A steady rise in content-related marketing disciplines and an increasing connection between effective SEO and content has made the benefits of harnessing strategic content clearer than ever. However, success isn’t always easy. It’s often quite difficult, as I’m sure many of you know.

A number of challenges must be overcome for success to be realized from end-to-end, and finding quick ways to keep your content ideas fresh and relevant is invaluable. To help with this facet of developing strategic content, I’ve laid out a process below that shows how a few SEO tools and a little creativity can help you identify content ideas based on actual conversations your audience is having online.

What you’ll need

Screaming Frog: The first thing you’ll need is a copy of Screaming Frog (SF) and a license. Fortunately, it isn’t expensive (around $150/USD for a year) and there are a number of tutorials if you aren’t familiar with the program. After you’ve downloaded and set it up, you’re ready to get to work.

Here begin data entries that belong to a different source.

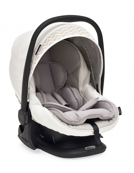 The Stylo Class EL combination includes the chassis, carrycot, a lie-flat and reversible pushchair seat, and a raincover that fits the carrycot and seat. For a complete travel system, the Bebecar EasyMaxi infant car seat is available in matching fabrics and will fit the chassis without the need for adaptors.
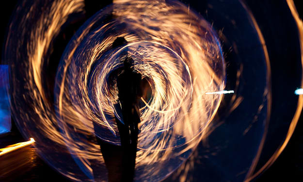 I was being led through a long silver hallway. It was like I was sleepwalking. I had no control over my body. The floor felt cold beneath my bare feet as my body moved farther down the corridor. My footsteps echoed as I walked along the metal corridor, but they weren’t the only ones. Behind me I could hear the heavy clanking of metal against metal. I started to panic. I couldn't turn my head to see who was there and I couldn’t stop myself from walking. What was happening? Who was this person?
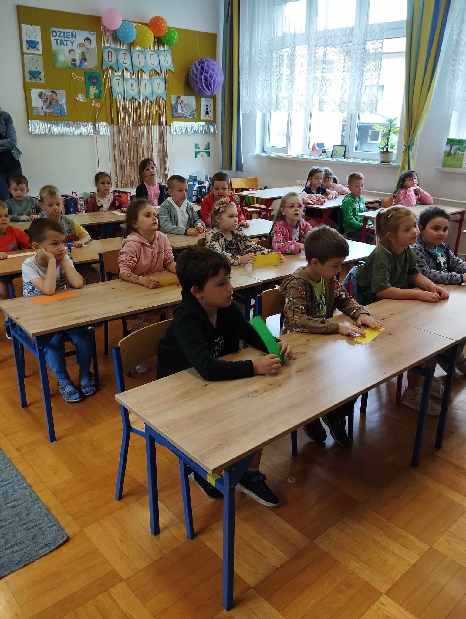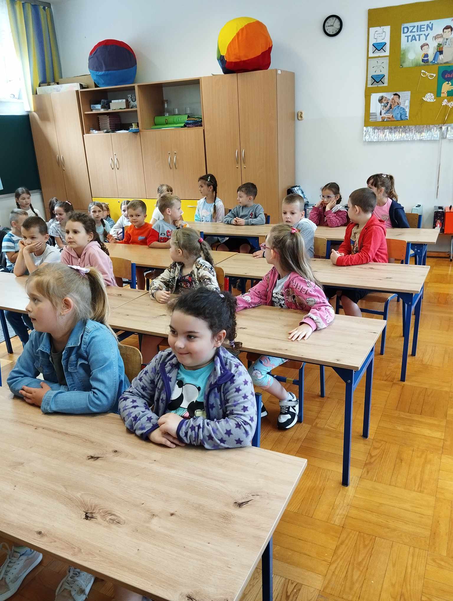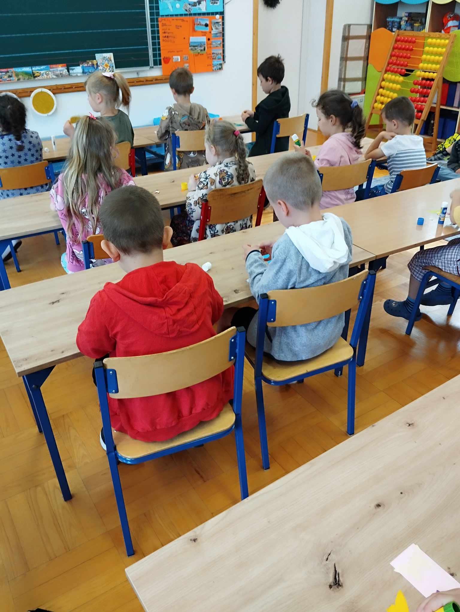 W dniu 11.06 dzieci z naszej grupy odwiedziły Szkołę Podstawową nr 14. Zostały bardzo miło przywitane przez panią, gdzie następnie usiadły w ławkach. Wspólnie wykonaliśmy pracę plastyczną – zakładkę do książki. Pani opowiadała jak dzieci spędzają czas w szkole , co jest ważne podczas nauki w szkole i jak należy się zachować podczas lekcji. Każde dziecko otrzymało do domu dwie kolorowanki.
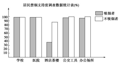 第二卷 三、语言文字运用(20分) 17、依次填入下列各句横线处的成语,最恰当的一组是( ①烈日炎炎,持续的高温让市民________,省内各市纷纷“让洞于民”,免费向社会开放一批可用于避暑纳凉的人防工程。 ②我县坚持文化“普惠”理念,先后投资5亿多元,建成了8个文化中心,安装健身器材2600多台,文体设施________。 ③“菊花节”期间,公园里摆放着各种盆栽菊花,姹紫嫣红,微风一吹,轻轻摇曳,仪态万千,赏花的市民流连其间,________。 A.不堪忍受 C.情何以堪 18、下列句子,没有语病的一句是( A.用制度保障生态文明建设,是一项在“保护优先”价值取向下制定游戏规则的创新性工作,是对现有制度安排的发展、改革与继承。 B.精准扶贫,是为了脱贫。要完善贫困对象,建立电子档案,按照“脱贫即出,返贫纳入”原则实行动态管理。 C.中国互联网协会6日发布《2015中国互联网产业综述与2016发展趋势报告》指出,截止2015年11月,我国手机上网用户数已超过9.05亿,再创新高,月户均移动互联网接入流量突破366.5兆。 D.2016年1月1日起,我国将燃煤发电上网电价全国平均每千瓦时降低3分钱,打出去产能、降成本、减轻企业负担、促进结构性优化的“实招”。 19、填入下面一段文字横线处的语句,最恰当的一句是( 发展家庭农场, A.只有达到一定规模才能产生效益,适度规模经营是“底线”,因为实践证明,家庭农场的规模并非越大越好 B.适度规模经营是“底线”,只有达到一定规模才能产生效益,但实践也证明,家庭农场的规模并非越大越好 C.适度规模经营是“底线”,家庭农场的规模并非越大越好,但实践也证明,只有达到一定规模才能产生效益 D.只有达到一定规模才能产生效益,家庭农场的规模并非越大越好,因为实践证明,适度规模经营是“底线” 20、在下面一段文字横线处补写恰当的语句,使整段文字语意完整连贯,内容贴切,逻辑严密。每处不超过15个字。(5分) 中国文人的狂言狂事,数也数不清。但细分文人之狂, 21、 (1)概括图表反映出的信息。(不超过30字)(4分) (2)请你任选图表中的一个场所拟写一条禁烟提示语。(不超过20字)(2分) 四、写作(60分) 22、阅读下面的材料,根据要求写一篇不少于800字的文章。 台湾爱乐乐团到大陆某市演出,场地两侧不断打出“演出中请勿摄影录音”字幕。演出中,不少观众被精彩表演所感染而猛拍猛录。在场地维持秩序的工作人员,发现谁违规,就用镭射光笔直接照谁,被照观众有的自觉理亏,有的恼羞成怒,现场秩序时好时坏。演出后,爱乐乐团官方微博发出帖子,表明不欢迎那些不尊重艺术的观众。 对以上这件事,你是怎么看?请你以网友的身份,对爱乐乐团、观众或工作人员的表现加以评论,表明自己的态度,阐述自己的看法。 要求综合材料内容及含意,选好角度,确定立意,完成写作任务。不得泄露个人信息。
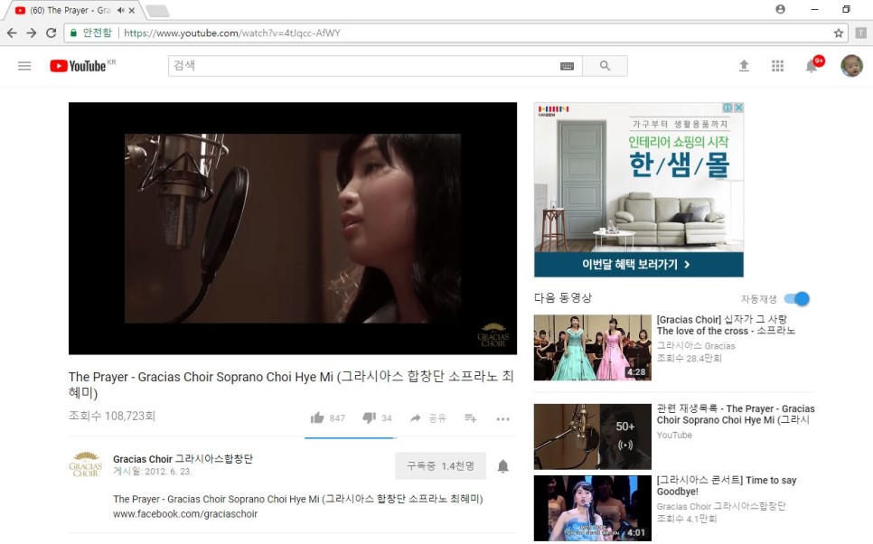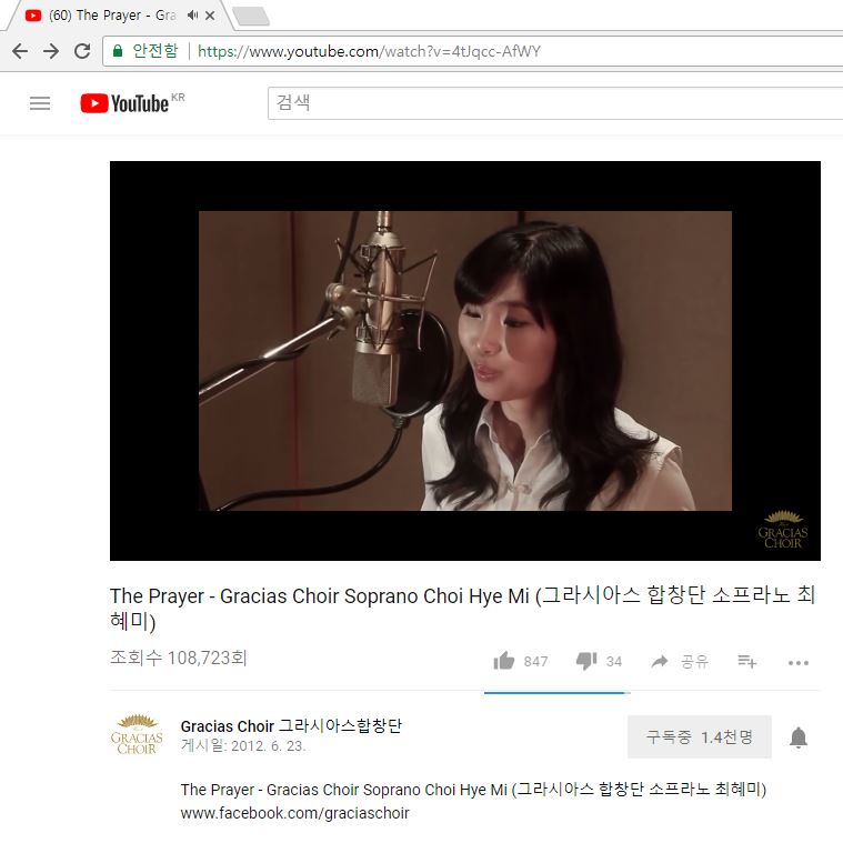 유튜브 사이트로 가셔서 동영상을 찾습니다. 전 테스트로 제가 늘 좋아하는 그라시아스합창단의 음악을 소장하고 싶어서 그걸 선택해 보겠습니다.

Google AdWords Account: Most of you will have access to an AdWords account due to actually running ads through it. If you aren’t active with the AdWords system, you can still create an account and use the tools for free, although the process has gotten more annoying over the years.

Excel/Google Drive (Sheets): Either one will do. You’ll need something to work with the data outside of SF.

Browser: We walk through the examples below utilizing Chrome.

The concept

One way to gather ideas for content is to aggregate data on what your target audience is talking about. There are a number of ways to do this, including utilizing search data, but it lags behind real-time social discussions, and the various tools we have at our disposal as SEOs rarely show the full picture without A LOT of monkey business. In some situations, determining intent can be tricky and require further digging and research. On the flipside, gathering information on social conversations isn’t necessarily that quick either (Twitter threads, Facebook discussion, etc.), and many tools that have been built to enhance this process are cost-prohibitive.

But what if you could efficiently uncover hundreds of specific topics, long-tail queries, questions, and more that your audience is talking about, and you could do it in around 20 minutes of focused work? That would be sweet, right? Well, it can be done by using SF to crawl discussions that your audience is having online in forums, on blogs, Q&A sites, and more.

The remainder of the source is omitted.